Jane Eyre XXXVI -- chapter 35: GRILLED ALIVE

  1. Is St. John indeed punishing Jane?  She believes he incurs no guilt for what he is or, in this case, isn't doing.  What do you think?  --Or is Jane just reading her own impressions into the situation because she feels guilty for scorning him?
  2. St. John's obstinacy, in the form of his intentional misunderstanding of Jane, is baffling.  Is his interest in marrying Jane exactly as simple as he pretends?  Or is it even really obstinacy?
  3. "It remains for me, then, to remember you in my prayers; and to entreat God for you, in all earnestness, that you may not indeed become a castaway. I had thought I recognized in you one of the chosen.  But God sees not as man sees: His will be done."  By this very declaration, does not St. John believe himself to "see" as God sees, thereby alluding to an inhuman godliness in and of himself?  In context of the story, has God called Jane to the ministry, or has St. John; is there a difference here?
  4. "grilled alive in Calcutta" -- I'm surprised how early this shows up in literature.  (etymology of "grill")

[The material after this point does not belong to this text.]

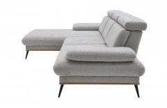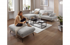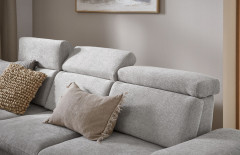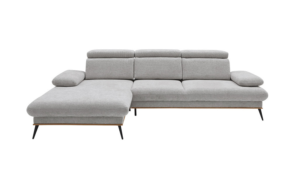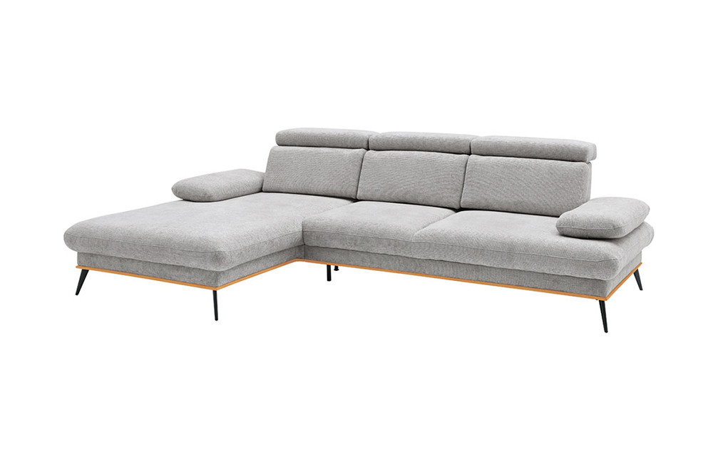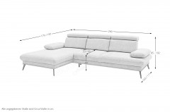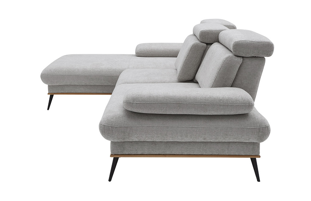 Tauchen Sie in eine Welt aus Stil, Geborgenheit und Raffinesse mit dem einzigartigen Polstersofa Santorini aus dem Hause BENIX Polstermöbel. Mit einem großzügigen Stellmaß von ca. 179-187 x 290 cm, welches sich aus einem Longchair sowie einem 2-Sitzer zusammensetzt, lädt diese Eckgarnitur dazu ein, den Alltag hinter sich zu lassen und pure Gemütlichkeit zu genießen. Das Gewand aus einem zeitlos grauen Chenille-Flachgewebe, die stilvolle Holzleiste sowie die formschönen, schwarzen Metallfüße verleihen der Polsterecke eine luxuriöse Ausstrahlung und setzen zugleich ein kraftvolles Statement in jedes Wohnambiente. Aber auch mit ihrer Polsterung sowie Funktionalität weiß Santorini zu überzeugen - der Schaumstoff auf einer Wellenunterfederung sowie die Kopfteil-, Armteil- plus Sitztiefenverstellung garantieren ein zauberhaftes Sitzerlebnis und sorgen für ein ewiges Wohlfühlen. Das Gesamtbild wird mit dem Hocker, welchen Sie optional in den Zusatzoptionen hinzubuchen können, perfekt abgerundet und bietet eine Möglichkeit zum Beinehochlegen oder dank der Sesselfunktion auch ein entspanntes Zurücklehnen. Nehmen Sie sich ein spannendes Buch zur Hand oder schalten Sie im Fernseher Ihre Lieblingssendung ein und erleben Sie erholsame Momente mit dem Ecksofa Santorini von BENIX.

  1. 1. I think that it's fair to say that he's punishing her. He's admonishing her as he believes that he's called to do because he thinks that she's committing a grave sin.
    2. Again, I really don't think that he loves her as a wife. There are two dynamics at play. One is that she would be very useful to him. The other is that it seems as though he has convinced himself that the only way to save Jane's soul is for her to perform this missionary work. Unlike her sisters, she would be able to serve God effectively if she chose to do so, so he views her rejection of that service as a rejection of God.
    3. No, I think the opposite. He sees in her one of the elect. However, it looks as though he is wrong, so therefore he admits that God must see differently. St. John has called Jane to ministry, and based upon a misreading of the Scriptures, he thinks that she will go to hell if she refuses.

  2. 3. I see what you're saying. I don't think his self-righteousness is intentional, but he certainly comes across pompous. His assertion that Jane is committing some heinous sin by not going to India, however, is absurd.

  3. Yeah, I was kind of upset at this point because I really liked him until he became so hellbent on Jane going to India.

  4. I can't say that I ever REALLY liked him. Like Jane I admired him--his efforts and behavior are noble, after all--but he is absolutely humorless. At the point of his condemnation of Jane, however, my impassion shifted toward dislike, and the dislike is growing.

  5. That's what I liked, the nobility. To sacrifice so much for an idea, that is what I like. But it doesn't excuse sacrificing OTHER people for your idea.